Put another way, ONEHOPE uses the dollars that their competitors would spend on marketing to support their partner associations. For every case of sparkling wine they sell, the World Food Program provides 25 meals to children fighting hunger. For every case of pinot bought, the ASPCA funds two pets adoptions.

Kohl Crecelius is CEO and founder of Krochet Kids intl., a nonprofit that empowers women in northern Uganda and Peru by providing them with jobs, education and local mentorship opportunities. Crecelius and his co-founders started by teaching women of poverty-stricken areas how to crochet, a skill he and his co-founders first learned and enjoyed in high school. The women knit and personally sign everything from hats to sweaters and bags which are sold online; in turn, the profits directly fund Krochet Kids intl.’s education and mentorship initiatives.

To develop their programming, Krochet Kids intl. started by identifying the areas that contribute most to individual poverty: financial, physical, psychological, social and intellectual disadvantages. They use 45 different key indicators to measure whether progress being made in each category, with help from data-visualization software. The software helps them track trends and progress over time. “We get that data every month on every beneficiary that we work with,” explains Crecelius. If they see a downward trend, local mentors follow up with the women to focus on improvement in that area.

Put Product Quality First

Giving back is great — but for all four entrepreneurs, the priority is creating a product people love.

“People are very suspect of a lot of giving-things. They think they’re going to get not that great a product or it’s going to be a pity purchase,” says Huff, who helps fit up to 600 people a day with hearing aids while on missions. That means that for-purpose companies with social missions need to pay extra attention to making their product impeccable. They must prove their worth as a company independent of their mission through customer reviews, social media and referrals. “Education is super important,” says Hilton. “We really wanted to take away every excuse to not participate,” adds Huff. You must be able to compete on quality, even (and especially) if you have a social component.

Crecelius says that it would be much easier to outsource their products in order to reinvest in his nonprofit initiatives. But that was never their plan. “Because of our mission and how we hope to impact the world, we make it harder on ourselves,” he says. Creating self-sustaining members of society means creating jobs, not sending work out to factories.

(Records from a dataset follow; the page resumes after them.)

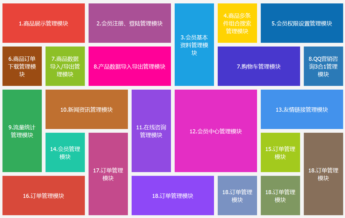 <div class="s-mod w1100" style="height:710px"> <div class="s-mod-loding"><img src="images/loading_d.gif"></div> <ul> <li class="s-mod-item" w="266" h="127" l="0" t="0" bg="#e8443a" cbg="#d92e24"> <div class="s-mod-wrap"> <div class="s-mod-def"><span>1.商品展示管理模块</span></div> <div class="s-mod-cur"><span>自主添加产品类别,不限级数。后台对产品实现增、查、删、改等功能。前端对产品进行列表展示、详细页面展示。详细页面包含产品小图、大图、详细参数、文字内容介绍、多图滚动展示、图片放大展示、关联资讯介绍展示。</span></div> </div> </li> <li class="s-mod-item" w="266" h="127" l="278" t="0" bg="#aa5096" cbg="#922a7b"> <div class="s-mod-wrap"> <div class="s-mod-def"><span>2.会员注册、登陆管理模块</span></div> <div class="s-mod-cur"><span>管理会员注册信息、会员列表,建立会员等级权限组,分配会员至权限组,然后根据权限使用网站的其它各个功能模块。</span></div> </div> </li> <li class="s-mod-item" w="127" h="266" l="556" t="0" bg="#1CA1E2" cbg="#1182BA"> <div class="s-mod-wrap"> <div class="s-mod-def"><span>3.会员基本资料管理模块</span></div> <div class="s-mod-cur"><span>对会员注册的基本资料进行查看、修改。</span></div> </div> </li> <li class="s-mod-item" w="127" h="127" l="695" t="0" bg="#FFD302" cbg="#EAC203"> <div class="s-mod-wrap"> <div class="s-mod-def"><span>4.商品多条件组合搜索管理模块</span></div> <div class="s-mod-cur"><span>在产品列表页面实现对产品按照价格、尺寸、日期、型号、产地等多条件字段组合搜索功能。</span></div> </div> </li> <li class="s-mod-item" w="266" h="127" l="834" t="0" bg="#0C6DB2" cbg="#09578E"> <div class="s-mod-wrap"> <div class="s-mod-def"><span>5.会员权限设置管理模块</span></div> <div class="s-mod-cur"><span>管理会员注册信息、会员列表,建立会员等级权限组,分配会员至权限组,然后根据权限使用网站的其它各个功能模块。</span></div> </div> </li> <li class="s-mod-item" w="127" h="127" l="0" t="139" bg="#9B4C13" cbg="#8F4108"> <div class="s-mod-wrap"> <div class="s-mod-def"><span>6.商品订单下载管理模块</span></div> <div class="s-mod-cur"><span>将企业产品手册、说明书、宣传画册等资料上传至网站,用户通过网站下载,可分用户权限实现下载控制,需与会员管理系统配合。</span></div> </div> </li> <li class="s-mod-item" w="127" h="127" l="139" t="139" bg="#8DC027" cbg="#76A31B"> <div class="s-mod-wrap"> <div class="s-mod-def"><span>7.商品数据导入/导出管理模块</span></div> <div class="s-mod-cur"><span>在网站管理平台对产品型号、类别、价格;产品图片等数据进行批量上传,批量下载的管理。</span></div> </div> </li> <li class="s-mod-item" w="266" h="127" l="278" t="139" bg="#FF0198" cbg="#D80683"> <div class="s-mod-wrap"> <div class="s-mod-def"><span>8.产品数据导入导出管理模块</span></div> <div class="s-mod-cur"><span>在网站管理平台对产品型号、类别、价格;产品图片等数据进行批量上传,批量下载的管理。</span></div> </div> </li> <li class="s-mod-item" w="266" h="127" l="695" t="139" bg="#4837cd" cbg="#3c2bb7"> <div class="s-mod-wrap"> <div class="s-mod-def"><span>7.购物车管理模块</span></div> <div class="s-mod-cur"><span>包含在线订购单提交,可在线提交单个或连续多个订单,在线支付、物流管理、退换货管理。必须与会员系统配合。</span></div> </div> </li> <li class="s-mod-item" w="127" h="127" l="973" t="139" bg="#2b7ab7" cbg="#1e669d"> <div class="s-mod-wrap"> <div class="s-mod-def"><span>8.QQ营销咨询3合1管理模块</span></div> <div class="s-mod-cur"><span>可以把QQ、MSN、旺旺做成一个3合1的滚动窗口,用户点击可与企业洽谈生意,通过此系统大大方便访客与企业的交流。</span></div> </div> </li> <li class="s-mod-item" w="127" h="266" l="0" t="278" bg="#33ac5b" cbg="#209747"> <div class="s-mod-wrap"> <div class="s-mod-def"><span>9.流量统计管理模块</span></div> <div class="s-mod-cur"><span>集成第三方提供的网站流量统计系统,通过统计可以可看网站的访问量,以及互联网品牌指数。</span></div> </div> </li> <li class="s-mod-item" w="266" h="127" l="139" t="278" bg="#bf7030" cbg="#ae6021"> <div class="s-mod-wrap"> <div class="s-mod-def"><span>10.新闻资讯管理模块</span></div> <div class="s-mod-cur"><span>不限层级添加新闻资讯类别,可自主管理公司简介、公司新闻、产品新闻、行业知识等。在后台进行增、删、查、改等一系列操作。</span></div> </div> </li> <li class="s-mod-item" w="127" h="266" l="417" t="278" bg="#914ae2" cbg="#7d33d0"> <div class="s-mod-wrap"> <div class="s-mod-def"><span>11.在线咨询管理模块</span></div> <div class="s-mod-cur"><span>实现网站前台页面提交咨询内容及联系方式,后台查询咨询内容及咨询人情况,并进行在线咨询的回复,前台页面自动显示。</span></div> </div> </li> <li class="s-mod-item" w="266" h="266" l="556" t="278" bg="#e42ec4" cbg="#cf19af"> <div class="s-mod-wrap"> <div class="s-mod-def"><span>12.会员中心管理模块</span></div> <div class="s-mod-cur"><span>实现会员填写字段注册,对填写内容进行有效性校验。 根据注册信息的用户名、密码、验证码进行会员登陆。 对会员注册的基本资料进行查看、修改。 管理会员注册信息、会员列表,建立会员等级权限组,分配会员至权限组,然后根据权限使用网站的其它各个功能模块。</span></div> </div> </li> <li class="s-mod-item" w="266" h="127" l="834" t="278" bg="#4392ec" cbg="#206fc8"> <div class="s-mod-wrap"> <div class="s-mod-def"><span>13.友情链接管理模块</span></div> <div class="s-mod-cur"><span>与客户网站交换文字链接、图片链接均可,通过链
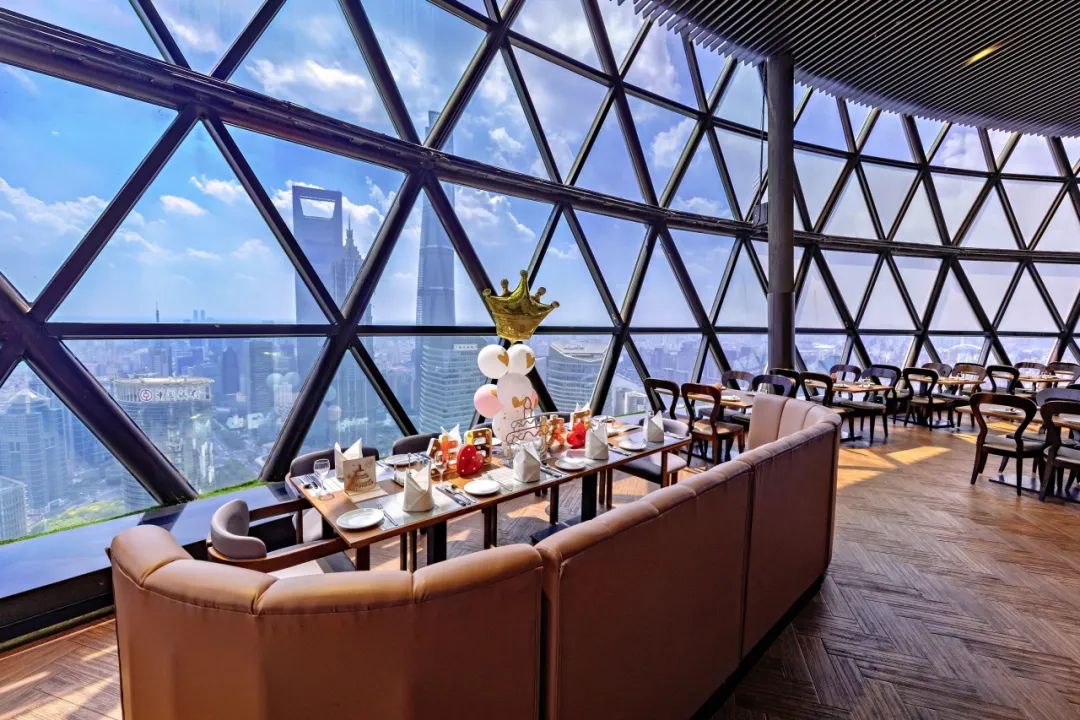 空中旋转餐厅,升级推出包间和卡座,宽敞明亮的球体玻璃窗外,浦江美景一览无余,每2小时旋转一圈的设计,让您全方位360度将申城美景尽收眼底。
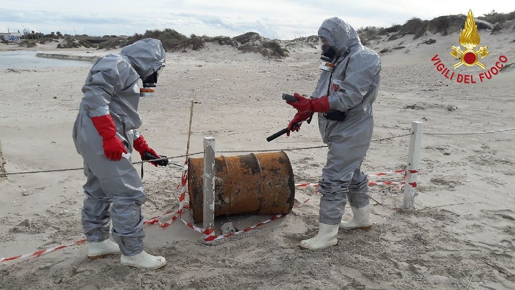 Nessuno poteva sapere se quel fusto metallico, abbandonato sull’arenile, fosse pericoloso o meno. Per questo, è stato necessario l’intervento dei Vigili del Fuoco di Lecce che si sono precipitati, in località “Spiaggiabella” per fare luce su quello strano ‘ritrovamento’.
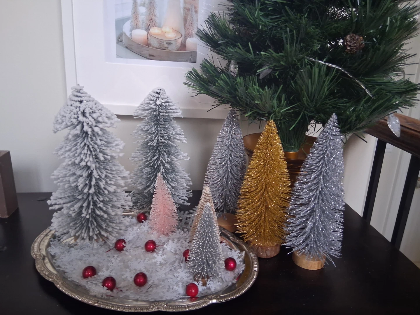 This set includes nine decorative miniature Christmas trees in various sizes and finishes. Includes frosted, glittered silver, and gold trees, plus a blush pink one. Perfect for creating a festive holiday display or a charming winter scene.
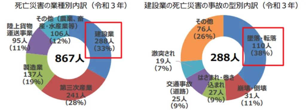 建設現場では不安定な高所での作業が多く、さまざまな事故が発生しやすい環境にあります。厚生労働省が発表した『令和3年の労働災害発生状況』のうち「死亡災害の業種別内訳」をみると、死亡者数867人のうち建設業の死亡者数は288人となっており、全体の33%をも占めています。また、「建設業の死亡災害の内訳」を見ると、死亡者数288人のうち110人が「墜落・転落」によるもので38%を占めており、「崩壊・倒壊」が31人(11%)、「はさまれ・巻き込まれ」が27人(9%)と続いています。
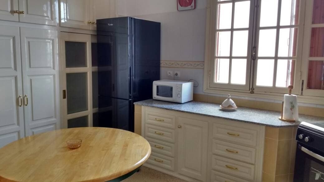 Location pour vacance d'un appartement neuf au premier étage de 90 m2 avec chambre à coucher, un grand salon ouvert sur la cuisine, disposant de tout l'équipement nécessaire, eau chaude et froide 24/24 h, salle de bain, cuisine équipé d'un réfrigérateur brandt 440 l, machine à laver brandt 10 kg, l'appartement peut accueillir un couple dans la chambre à coucher et trois personnes dans le salon marocain de 30 m2 avec téléviseur stream de 55 cm, parking gratuit.
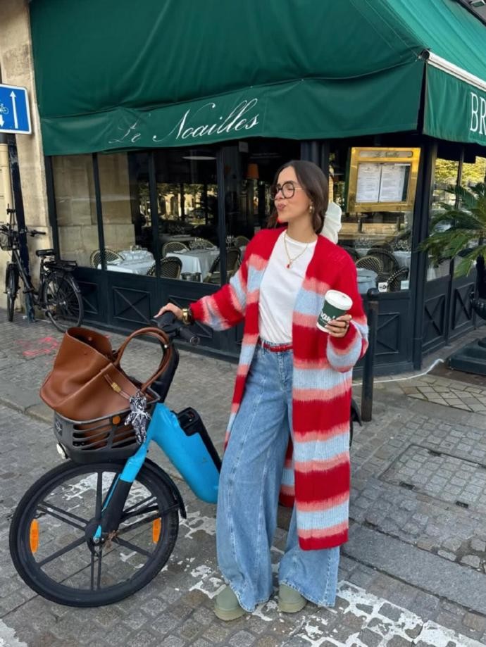 除了色彩与版型,florettenacer 的穿搭精髓还在于细节与质感。她擅长用简约的配饰提升造型完整度,一条细项链、一对简约耳环、一顶复古帽子或是一只质感包包,就能让基础穿搭立刻有层次。她也格外注重面料的选择,柔软的针织、垂坠的棉麻、挺括的牛仔,在她的搭配里各司其职,让造型看起来舒服又高级。这种不追求爆款、只专注质感的穿搭思路,恰恰是我们普通人最容易学习、也最能穿出个人特色的关键。
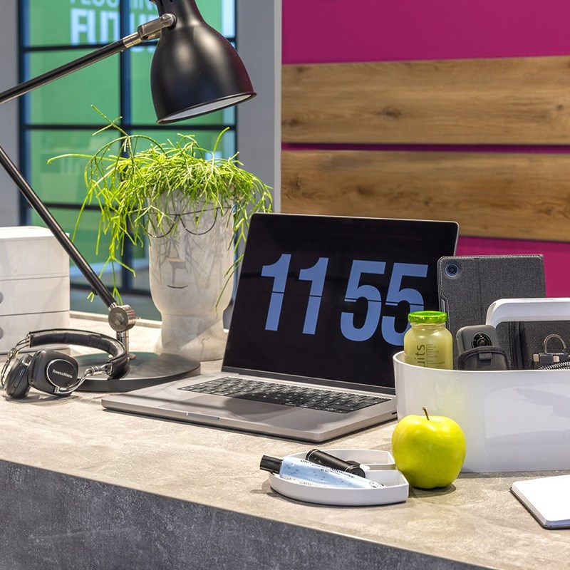 Nakon odrađenog posla, sve se može posložiti i spremiti zajedno na jedno mjesto. Dizajn s površinom visokog sjaja uklapa se u svako životno i radno okruženje.
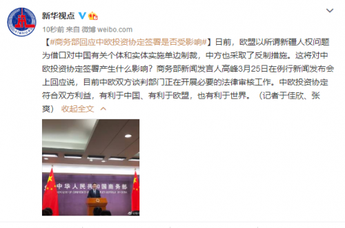 日前,欧盟以所谓新疆人权问题为借口对中国有关个体和实体实施单边制裁,中方也采取了反制措施。这将对中欧投资协定签署产生什么影响?商务部新闻发言人高峰3月25日在例行新闻发布会上回应说,目前中欧双方谈判部门正在开展必要的法律审核工作。中欧投资协定符合双方利益,有利于中国、有利于欧盟,也有利于世界。
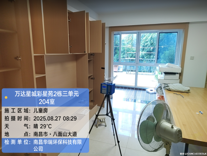 項目名稱:萬達星城彩星苑甲醛檢測施工時間:2025年8月27日
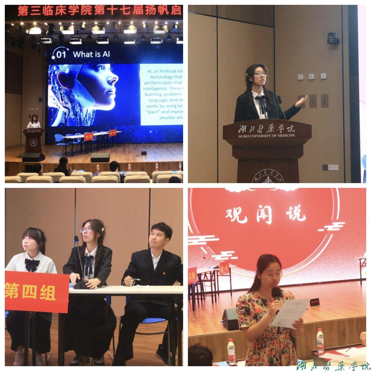 本网讯(通讯员 李晨曦 朱力)在湖北医药学院建校60周年之际,为了丰富校园文化,提升广大学子的英语能力。5月23日晚,第三临床学院在公卫大楼一楼学术报告厅举行“六十华章启新程,扬帆逐梦正飞young”英语风采大赛。活动特邀学校外语课部教师王国良、安湘君担任评委,第三临床学院党委副书记李芹、副院长李平飞、学工干部及部分学生共同参加此次活动。
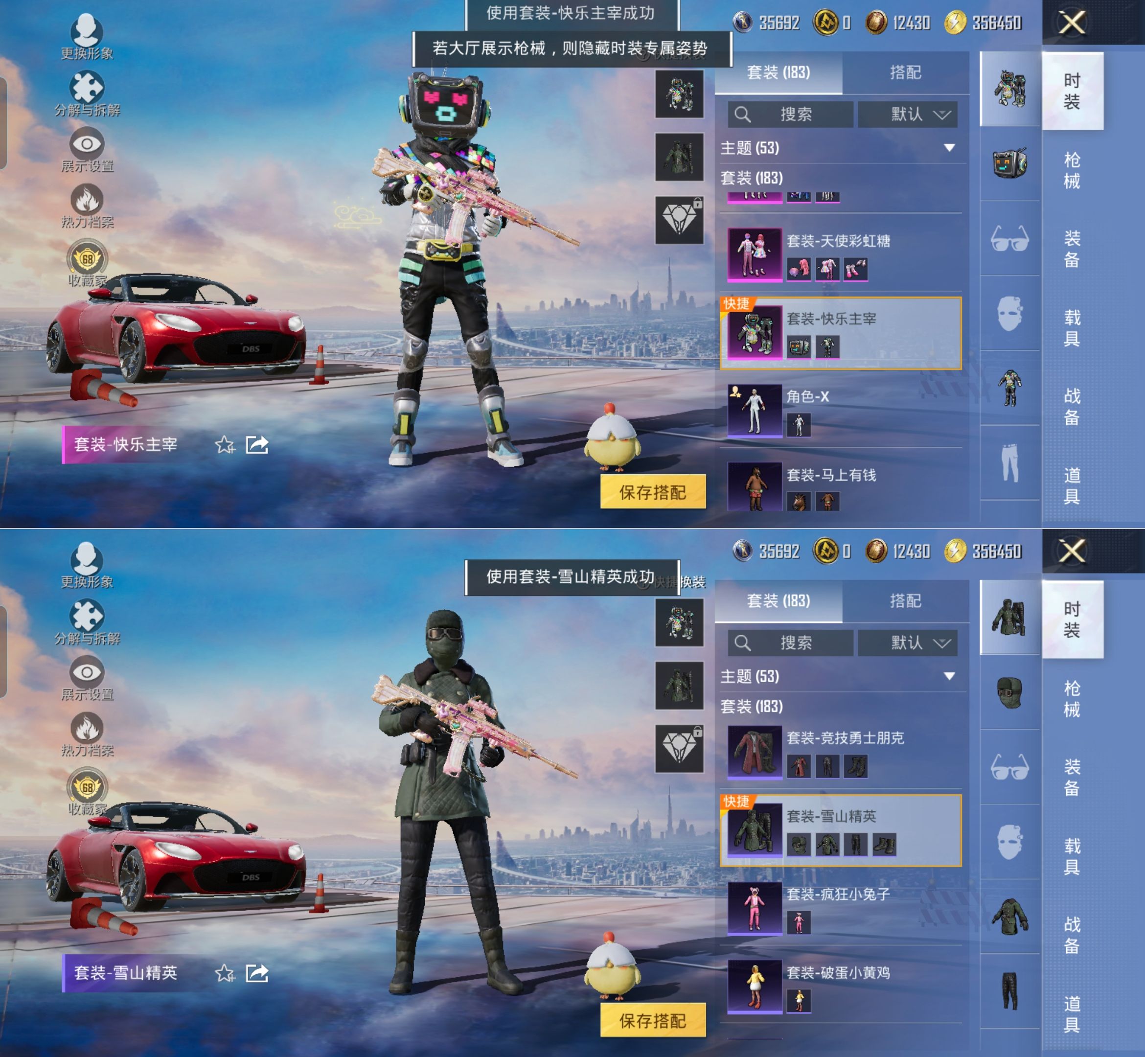 1载具-10粉装-5特效枪-183套装-226枪皮-5王牌印记-卓越王牌10星-73735热力值

At-risk women make the hats themselves as part of Krochet Kids intl.’s empowerment model. The company’s handmade products are both symbolic and high quality, which appeals to their customers on the other side of the world. Just last year, Crecelius and his co-founders graduated 40 women into locally sustainable careers in Uganda. Their product sales account for over 80 percent of the total operating revenue needed to sustain their annual work.

Market Your Mission

Doing good also has clear business benefits. LSTN has been able to partner with some big names in marketing to relay their message. “Google wants that brand integrity and authenticity,” says Huff of their recent video collaboration. In 2014, Google chose to feature LSTN on their homepage. They sent their staff along YouTube representative to LSTN offices to shoot a few shorts of a small business that was making big social strides.

Kloberdanz has seen a marketing upside too. “We get a significant amount of earned media. We don’t end up having to spend almost anything on advertising and marketing. The word spreads because of the cause and the better product.” He thinks of his social mission as the tiebreaker for a customer who is debating investing in their product and one of equal quality.

Above all, each of the founders we talked to agreed that when ‘changing lives’ is part of your business plan, it helps put the rest into perspective. “We all have this desire to make some sort of impact. It’s cool when you can combine that with your work,” says Crecelius. Lavelle agrees and explains that you need to fully understand why the cause is important to you so that you can effectively communicate that message to customers, collaborators and investors.

And as for the future of social good? According to Kloberdanz, “I think the world’s biggest problems are going to be solved by businesses.”

Image courtesy of LSTN.


This feature originally appeared in YEC Quarterly, a print magazine for YEC members. YEC Quarterly is no longer producing new issues.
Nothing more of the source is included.